Where the listing shows an image, skip it and output all other material unchanged.

----- Collected data

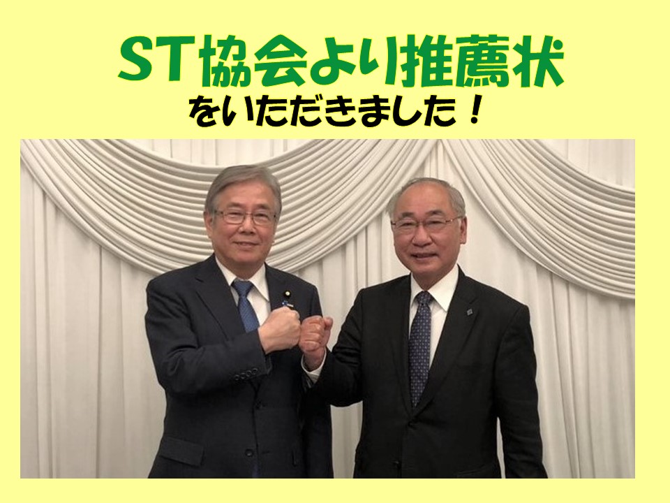 一般社団法人日本言語聴覚士協会 深浦 順一会長より推薦状をいただきました。 ご承知の通り、言語聴覚士は脳卒中後の失語症、聴覚障害、ことばの発達の遅れ、声や発音の障害をはじめことばによるコミュニケーションに問題が…
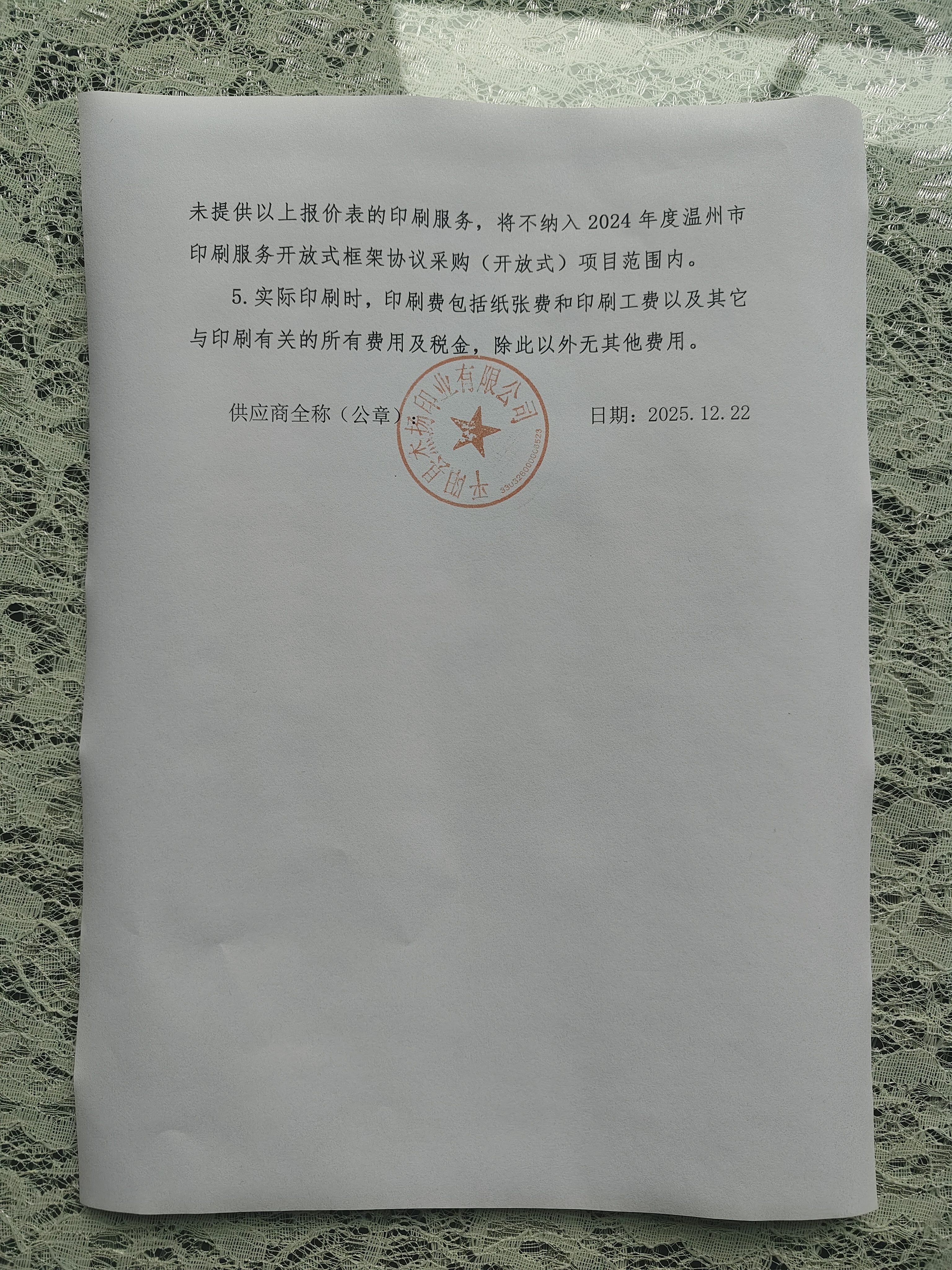 项目名称:****年度温州市印刷服务开放式框架协议采购项目
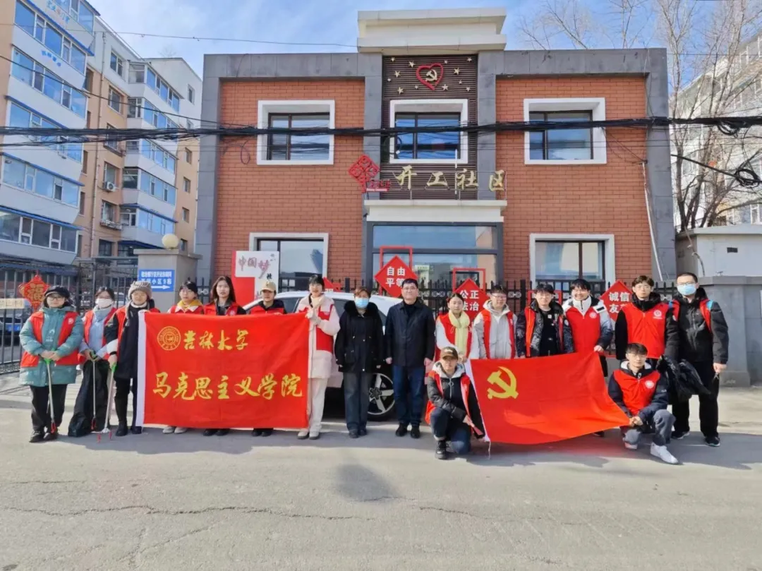 3月4日下午13:20,由15名同学组成的志愿者队伍前往长春市朝阳区开工社区进行学雷锋主题志愿服务活动。社区党委书记及其他工作人员在活动现场亲切地接待了到来的志愿者同学,并对本次活动的安排和注意事项做出指导。随后,社区统一为同学们分发相关工具,并带领志愿者队伍到达指定地点展开活动。

----------

Written response:
 一般社団法人日本言語聴覚士協会 深浦 順一会長より推薦状をいただきました。 ご承知の通り、言語聴覚士は脳卒中後の失語症、聴覚障害、ことばの発達の遅れ、声や発音の障害をはじめことばによるコミュニケーションに問題が…
 项目名称:****年度温州市印刷服务开放式框架协议采购项目
 3月4日下午13:20,由15名同学组成的志愿者队伍前往长春市朝阳区开工社区进行学雷锋主题志愿服务活动。社区党委书记及其他工作人员在活动现场亲切地接待了到来的志愿者同学,并对本次活动的安排和注意事项做出指导。随后,社区统一为同学们分发相关工具,并带领志愿者队伍到达指定地点展开活动。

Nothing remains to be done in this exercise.